↓

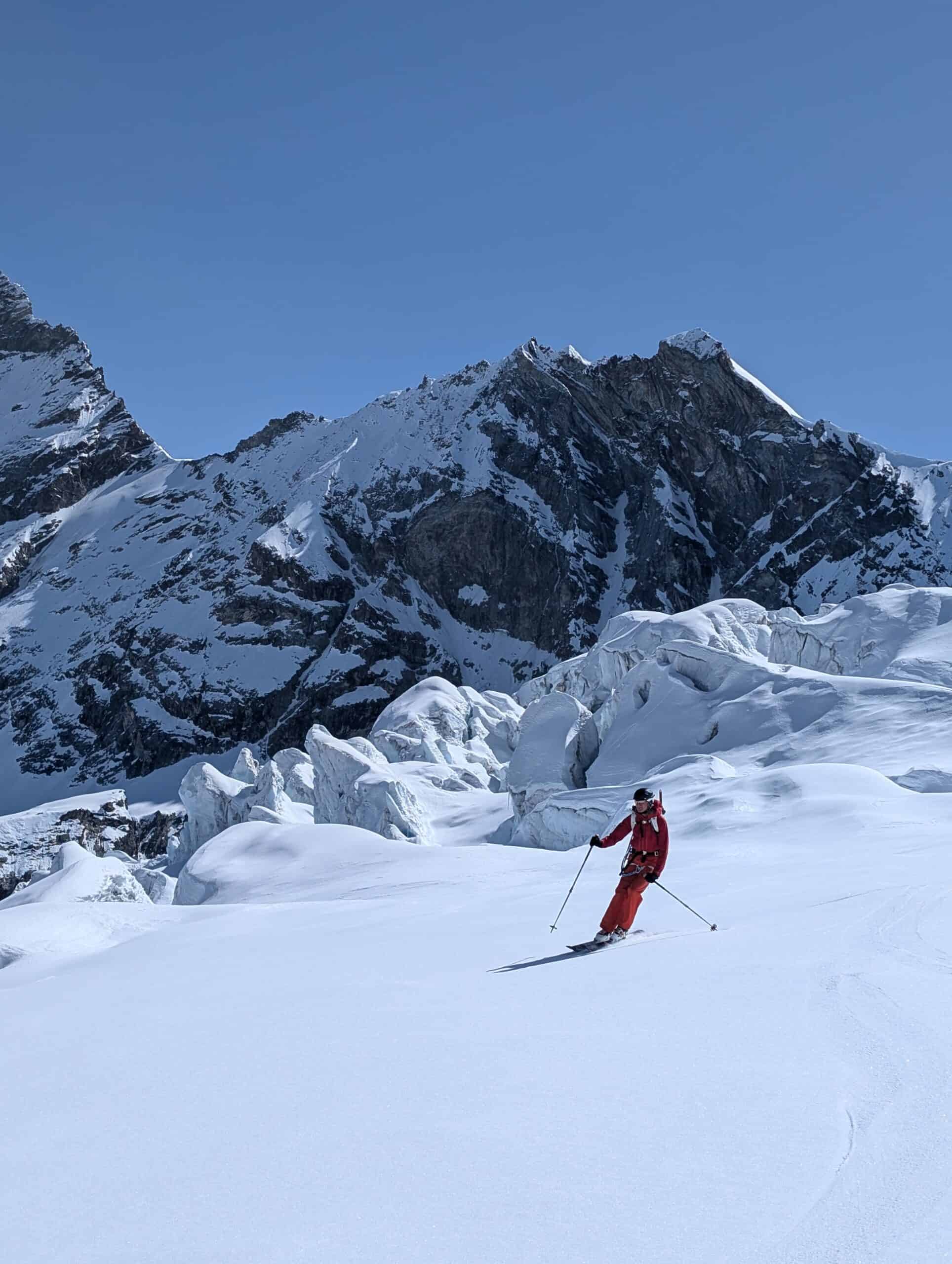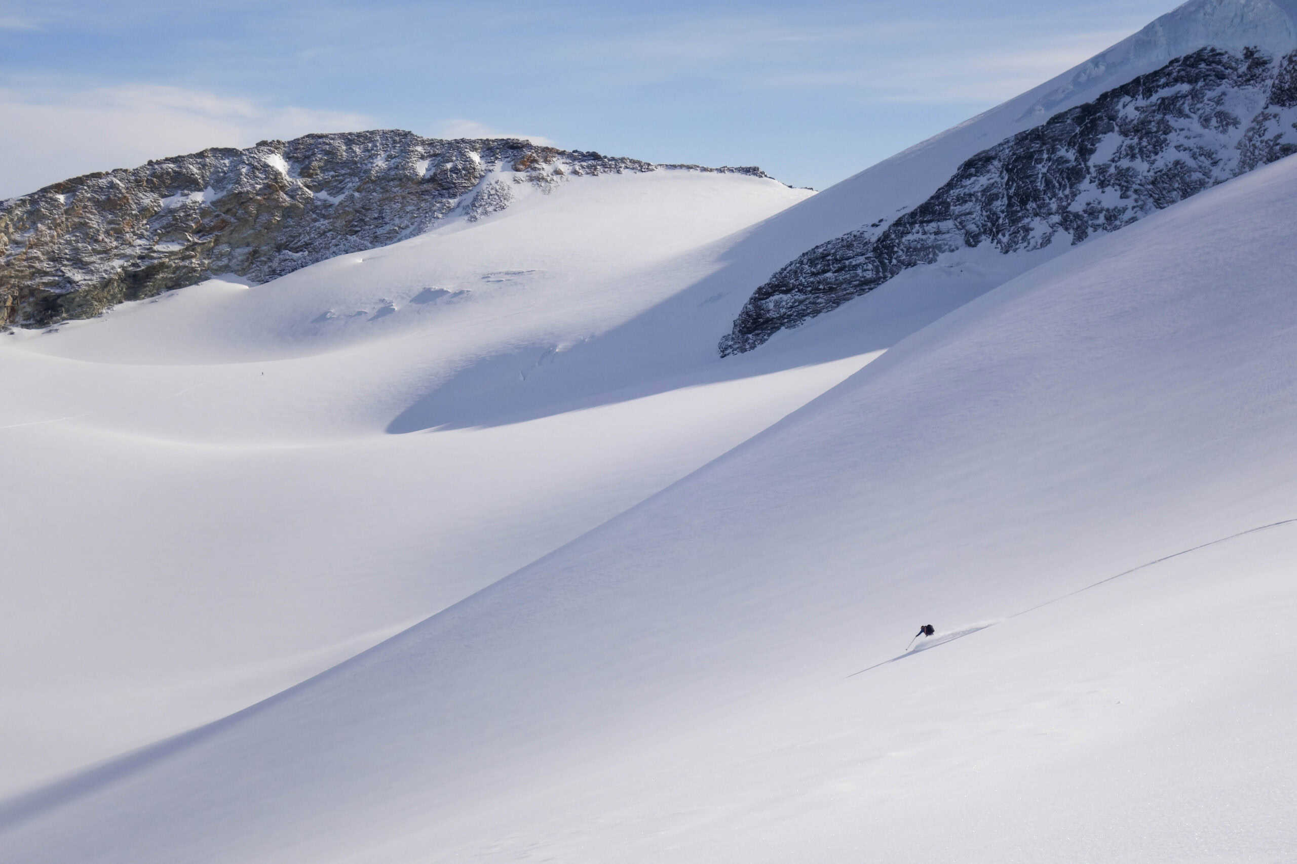 Another highlight! The day starts with a descent over the Turtmann Glacier past the Turtmann Hut. From here we cross two small passes where we put on our skis both times to get up. Small couloirs or gullies lead down the other side. Finally, we reach the Wasuhorn, from where we tackle a long descent to Jungu. A really varied day. In Jungu we take the small cable car to get back to the main valley.
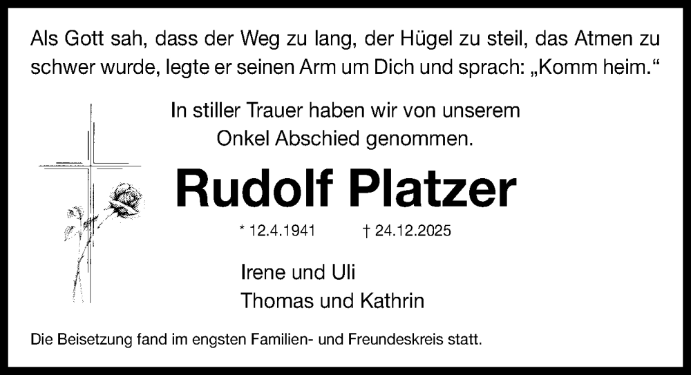 Hier finden Sie alle Traueranzeigen aus der Zeitung, die bisher für Rudolf Platzer erschienen sind. Weitere Traueranzeigen, die in der Zeitung erscheinen, werden hier ebenfalls aufgelistet
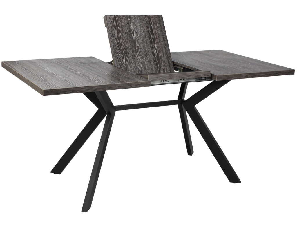Раздвижной обеденный стол «Спайдер» подходит для кухни и гостиной любой площади и отличается выразительным дизайном с оригинальной геометрией основания. Встроенная вставка типа «бабочка» позволяет увеличить ширину столешницы на 41 см, что удобно при приёме гостей. Синхронный механизм раздвижения обеспечивает плавную и удобную трансформацию столешницы.
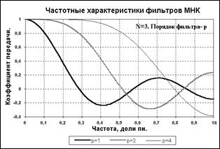 Совместное изменение этих параметров позволяет подбирать для сглаживания данных такой фильтр МНК, частотная характеристика которого наилучшим образом удовлетворяет частотному спектру сигналов при минимальном количестве коэффициентов фильтра.

↑

▸ Your goal: Give the listing again exactly, excluding pictures.

▸ Task answer:
 Another highlight! The day starts with a descent over the Turtmann Glacier past the Turtmann Hut. From here we cross two small passes where we put on our skis both times to get up. Small couloirs or gullies lead down the other side. Finally, we reach the Wasuhorn, from where we tackle a long descent to Jungu. A really varied day. In Jungu we take the small cable car to get back to the main valley.
 Hier finden Sie alle Traueranzeigen aus der Zeitung, die bisher für Rudolf Platzer erschienen sind. Weitere Traueranzeigen, die in der Zeitung erscheinen, werden hier ebenfalls aufgelistet
Раздвижной обеденный стол «Спайдер» подходит для кухни и гостиной любой площади и отличается выразительным дизайном с оригинальной геометрией основания. Встроенная вставка типа «бабочка» позволяет увеличить ширину столешницы на 41 см, что удобно при приёме гостей. Синхронный механизм раздвижения обеспечивает плавную и удобную трансформацию столешницы.
 Совместное изменение этих параметров позволяет подбирать для сглаживания данных такой фильтр МНК, частотная характеристика которого наилучшим образом удовлетворяет частотному спектру сигналов при минимальном количестве коэффициентов фильтра.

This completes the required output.